The study found positive effects in both reading and math that, relatively speaking, are quite large. As the New Teacher Center's Liam Goldrick points out on his blog, the effect sizes for mentoring given in this report are larger than those produced in other large-scale randomized studies, such as one on Teach For America.
But Jonah Rockoff, an associate professor at Columbia University's School of Business who's studied induction programs in New York City, said to be cautious about the results. For one, he noted that despite these large achievement boosts, the data don't show any other effects that would seem to confirm the results. Teachers didn't report feeling any more prepared, for instance.
He also directed my attention to this factor: The researchers used "covariates" to control for the effects of teachers' background characteristics and other factors on the data. Without such controls, the effect estimates drop and are no longer statistically significant for reading. You can find this on p. 95 of the report.
By Rockoff's read, covariates shouldn't be necessary in an experiment if the "treatment" and "control" group are really appropriate comparisons. One problem with large-scale education studies, he said, is that teachers often change classes, grade levels and subjects. In this case, as the population of teachers declined due to attrition and other movements, only a small population of teachers were tied to at least two years of student-achievement data. And if the declining group of teachers in the study resulted in a material difference in the composition of the treatment and control group, then that might skew the data.
"The big issue is whether treatment and control groups still look like one another, among the subset of teachers with multiple years of data," Rockoff told me.

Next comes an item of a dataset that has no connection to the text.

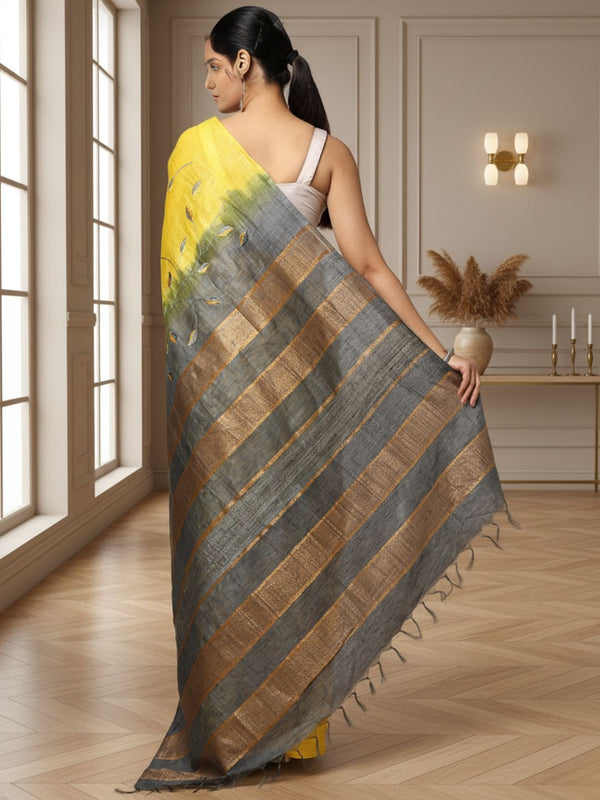 Lively Eri Tussar Silk Embroidered Yellow Saree

UPDATE: Steven Glazerman of Mathematica, one of the number guys behind the study, submits this response:
"We agree with Jonah Rockoff that one should be cautious about interpreting the test score impact findings. We sounded that note of caution in our report and in its executive summary because the results are not robust to alternative ways to estimate the program's impact. However, the most credible estimates adjust for chance differences between student and teacher characteristics, including students' achievement before they entered the study teacher's classroom. These show a positive and significant impact on reading and math in two-year districts and no impact in one-year districts. Rockoff is correct that it is not necessary in a true experiment to adjust for these chance differences by including covariates. However, failing to do so would cause us to ignore data and rely on a less precise estimate. In this case especially, when the test score analysis sample is small, the precision gains are substantial: the standard error associated with our estimates decreases by 29% in a model with covariates compared to a model without covariates."